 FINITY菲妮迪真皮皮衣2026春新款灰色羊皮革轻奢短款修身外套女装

--------------------------------

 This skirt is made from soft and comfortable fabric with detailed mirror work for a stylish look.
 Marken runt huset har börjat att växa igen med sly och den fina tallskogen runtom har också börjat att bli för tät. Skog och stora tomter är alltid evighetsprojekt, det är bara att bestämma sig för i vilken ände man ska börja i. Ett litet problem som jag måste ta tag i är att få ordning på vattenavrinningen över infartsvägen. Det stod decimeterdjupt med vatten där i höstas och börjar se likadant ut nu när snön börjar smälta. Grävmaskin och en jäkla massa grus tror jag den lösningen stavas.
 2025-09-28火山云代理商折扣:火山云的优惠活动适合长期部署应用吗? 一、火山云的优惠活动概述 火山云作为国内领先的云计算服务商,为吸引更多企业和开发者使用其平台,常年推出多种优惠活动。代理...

--------------------------------

→ **Exercise details**: From the data above, reproduce word for word the lines running from the line with "This skirt is" to the line with "Marken runt huset", ends included.

→ **Your response**:
 This skirt is made from soft and comfortable fabric with detailed mirror work for a stylish look.
 Marken runt huset har börjat att växa igen med sly och den fina tallskogen runtom har också börjat att bli för tät. Skog och stora tomter är alltid evighetsprojekt, det är bara att bestämma sig för i vilken ände man ska börja i. Ett litet problem som jag måste ta tag i är att få ordning på vattenavrinningen över infartsvägen. Det stod decimeterdjupt med vatten där i höstas och börjar se likadant ut nu när snön börjar smälta. Grävmaskin och en jäkla massa grus tror jag den lösningen stavas.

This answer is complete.